Earlier this week, "It's the Great Pumpkin, Charlie Brown" was on & I loved every moment. Then began the seasonal descent into madness culminating on Dia de los Muertos, which I love just as much. I used to think the bible-South did not really observe Hallowe'en but I have learned it is like the seasons: it is subtle, but the change is there.
I reminisce about the drag queen parades of my young adulthood with the fondness usually reserved for Louisa May Alcott/Currier & Ives ice skating memoirs. O' callow youth, ba-blah, ba-blah. I am so fond of drag parades that I am always disappointed that drag races will not include the same cast of characters. I never thought they would, but still I can dream...
The earlier Hallowe'ens of my memory are blissful & free, when packs of costumed children roamed the neighborhoods & hardly a prank was played. The great apple-razor/poisoned candy hoaxes were not yet upon us. It was indeed a Golden Age.
& then there is a gap. Not having children (& not being a drag queen) I more-or-less lost track of this holiday for many years. Right up until the year after we moved here. That year, Hallowe'en fell on a Sunday (as it did again, 5 years later). For those of you that missed it, there was, I swear to G*d, a movement to trick or treat on Saturday instead so as not to sully the sabbath with this pagan ritual. Oy. Now that I think about it, I am not sure why football is permitted on Sunday. After all it a sanitized re-enactment of brute force acquiring territory through the carrying of a symbolic pig skin. But that is probably just me being difficult.

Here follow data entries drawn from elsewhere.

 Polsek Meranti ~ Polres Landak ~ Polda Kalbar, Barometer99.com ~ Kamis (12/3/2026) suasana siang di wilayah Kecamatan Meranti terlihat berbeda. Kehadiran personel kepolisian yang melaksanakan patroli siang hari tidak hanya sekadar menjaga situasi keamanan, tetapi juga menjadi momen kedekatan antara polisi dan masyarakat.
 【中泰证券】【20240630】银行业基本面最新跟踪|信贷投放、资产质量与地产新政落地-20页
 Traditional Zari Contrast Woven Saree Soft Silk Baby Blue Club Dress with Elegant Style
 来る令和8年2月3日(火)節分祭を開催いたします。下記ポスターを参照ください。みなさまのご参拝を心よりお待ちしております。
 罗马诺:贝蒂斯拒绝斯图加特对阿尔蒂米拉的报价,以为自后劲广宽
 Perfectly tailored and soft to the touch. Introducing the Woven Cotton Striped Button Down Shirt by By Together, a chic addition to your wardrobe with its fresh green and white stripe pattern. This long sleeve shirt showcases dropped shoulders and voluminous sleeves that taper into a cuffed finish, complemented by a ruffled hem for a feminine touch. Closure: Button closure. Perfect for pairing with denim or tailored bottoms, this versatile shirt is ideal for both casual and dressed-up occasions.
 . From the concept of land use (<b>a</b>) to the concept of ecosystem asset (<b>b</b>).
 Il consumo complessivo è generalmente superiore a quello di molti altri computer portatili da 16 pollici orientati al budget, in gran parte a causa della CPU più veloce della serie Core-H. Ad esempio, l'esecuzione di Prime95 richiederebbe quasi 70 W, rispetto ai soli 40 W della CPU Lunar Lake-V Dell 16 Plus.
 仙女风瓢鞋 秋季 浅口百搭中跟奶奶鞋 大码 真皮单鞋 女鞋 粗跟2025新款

At around the same time, I discovered Frida Kahlo. Not that she was missing. Or that I had not ever heard of her or seen her work before. But something fell into place & I found my inner Frida. Every year, I take this reminder to enjoy these last flowers of the year, wear every outlandish article of clothing I own all at once & generally stop worrying about what other people think. I have decided against taking up smoking though. & I think I will try to avoid divorcing A just to marry him again.